● Directions for this task
Write each entry out again verbatim, pictures excluded.

----- Data supplied

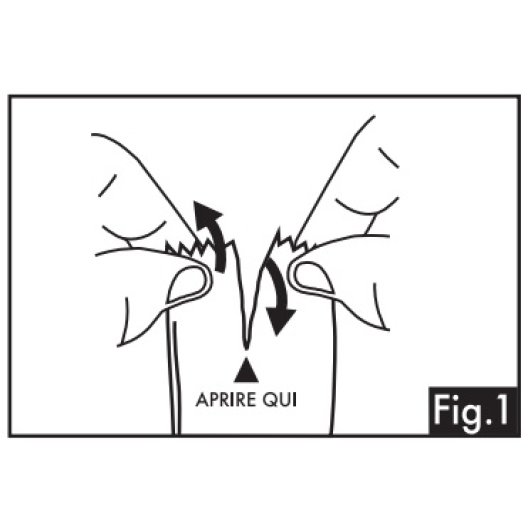 - Aprire la busta sigillata dal lato indicato per estrarre l’applicatore monouso (Fig. 1);
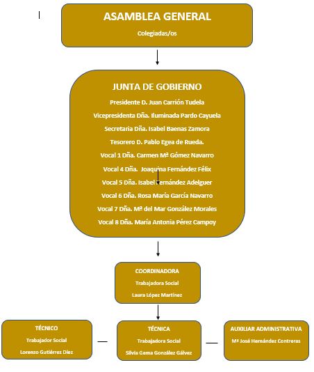 Gerencia/ Coordinadora. Trabajadora Social: Dña. Laura López Martínez. Funciones: dirección y coordinación (institucional y coordinación personal empleado), deontología, transparencia. Responsable Canal de Denucnias. Responsable Vocalías de Salud - Emergencias, Refugiados e Inmigración - Justicia, Mediación, Penitenciario, Coord. Parental y Deontología - Infancia y familia, Violencia de Género y Trabajo Social Internacional.
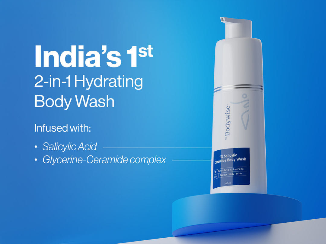 Introducing the Be Bodywise 1% Salicylic Ceramide Bodywash – India’s first dual-pump 2-in-1 bodywash that treats body acne and dry skin while deeply hydrating dry skin.
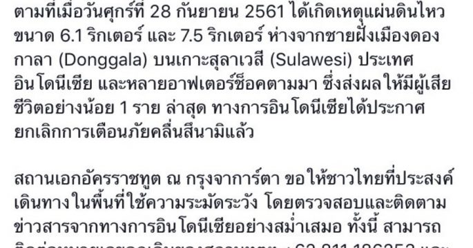 สถานเอกอัครราชทูต ณ กรุงจาการ์ตา ขอให้ชาวไทยที่ประสงค์เดินทางในพื้นที่ใช้ความระมัดระวัง โดยตรวจสอบและติดตามข่าวสารจากทางการอินโดนีเซียอย่างสม่ำเสมอ
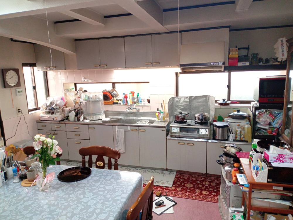 長年使用されてきたキッチンは、汚れがこびりついて、掃除がしにくい状態でした。
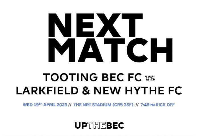 𝗨𝗣 𝗡𝗘𝗫𝗧… It’s the business end of the season as we enter the @SCEFLeague play-offs 📆 Wednesday 19th April 🆚 @LNHFC1961 🕒 7:45pm KO 🏠 The NRT Stadium (CR5 3SF) Please come down to support the boys in black and white tomorrow! #UpTheBec 🎺
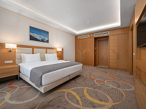 холодильник, кондиционер, чайник, фен, набор чайной посуды, балкон, сейф, телефон, интернет в номере, мини-бар, халат, тапочки, ванна, весы напольные, мини-кухня, обеденная группа, два кресла, два телевизора, журнальный столик, Душевая кабина, гостевой санузел
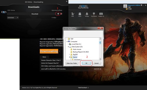 7. กดปุ่มเริ่มทำการ Download ที่กรอบสีแดงหมายเลข 1 และ เลือก Directory ปลายทางที่จะเก็บไฟล์และกด ok ในกรอบสีแดงหมายเลข 2
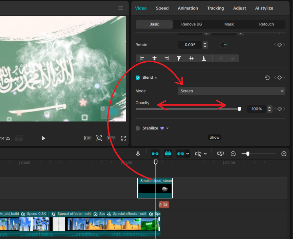 بعد اضافة التاثير حدده ومن قائمة Blend جرب الخيارات في الشريط حتى تصل ال خيار مناسب
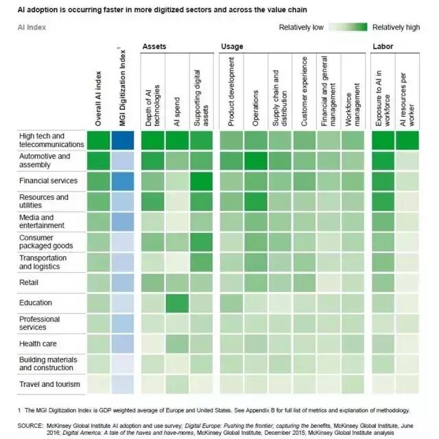 高科技、电信和金融服务是机器学习和AI 技术的早期采用者。这些行业因为愿意投资新技术而获取竞争力和内部高效流程而闻名。许多创业公司也开始关注这个领域。MGI 数字化指数(MGI Digitization Index)是欧洲和美国的国内生产总值加权平均数。麦肯锡还创建了一个总人工智能指数,在下面第一栏中显示,对AI 可做出贡献的 KPI 进行了比较,覆盖了资产、用途和劳动力。接下来的图,按行业和资产、用途及劳动力类别显示了AI 的相对采用水平。

----------

● Result for this task
 - Aprire la busta sigillata dal lato indicato per estrarre l’applicatore monouso (Fig. 1);
 Gerencia/ Coordinadora. Trabajadora Social: Dña. Laura López Martínez. Funciones: dirección y coordinación (institucional y coordinación personal empleado), deontología, transparencia. Responsable Canal de Denucnias. Responsable Vocalías de Salud - Emergencias, Refugiados e Inmigración - Justicia, Mediación, Penitenciario, Coord. Parental y Deontología - Infancia y familia, Violencia de Género y Trabajo Social Internacional.
 Introducing the Be Bodywise 1% Salicylic Ceramide Bodywash – India’s first dual-pump 2-in-1 bodywash that treats body acne and dry skin while deeply hydrating dry skin.
 สถานเอกอัครราชทูต ณ กรุงจาการ์ตา ขอให้ชาวไทยที่ประสงค์เดินทางในพื้นที่ใช้ความระมัดระวัง โดยตรวจสอบและติดตามข่าวสารจากทางการอินโดนีเซียอย่างสม่ำเสมอ
 長年使用されてきたキッチンは、汚れがこびりついて、掃除がしにくい状態でした。
 𝗨𝗣 𝗡𝗘𝗫𝗧… It’s the business end of the season as we enter the @SCEFLeague play-offs 📆 Wednesday 19th April 🆚 @LNHFC1961 🕒 7:45pm KO 🏠 The NRT Stadium (CR5 3SF) Please come down to support the boys in black and white tomorrow! #UpTheBec 🎺
 холодильник, кондиционер, чайник, фен, набор чайной посуды, балкон, сейф, телефон, интернет в номере, мини-бар, халат, тапочки, ванна, весы напольные, мини-кухня, обеденная группа, два кресла, два телевизора, журнальный столик, Душевая кабина, гостевой санузел
 7. กดปุ่มเริ่มทำการ Download ที่กรอบสีแดงหมายเลข 1 และ เลือก Directory ปลายทางที่จะเก็บไฟล์และกด ok ในกรอบสีแดงหมายเลข 2
 بعد اضافة التاثير حدده ومن قائمة Blend جرب الخيارات في الشريط حتى تصل ال خيار مناسب
 高科技、电信和金融服务是机器学习和AI 技术的早期采用者。这些行业因为愿意投资新技术而获取竞争力和内部高效流程而闻名。许多创业公司也开始关注这个领域。MGI 数字化指数(MGI Digitization Index)是欧洲和美国的国内生产总值加权平均数。麦肯锡还创建了一个总人工智能指数,在下面第一栏中显示,对AI 可做出贡献的 KPI 进行了比较,覆盖了资产、用途和劳动力。接下来的图,按行业和资产、用途及劳动力类别显示了AI 的相对采用水平。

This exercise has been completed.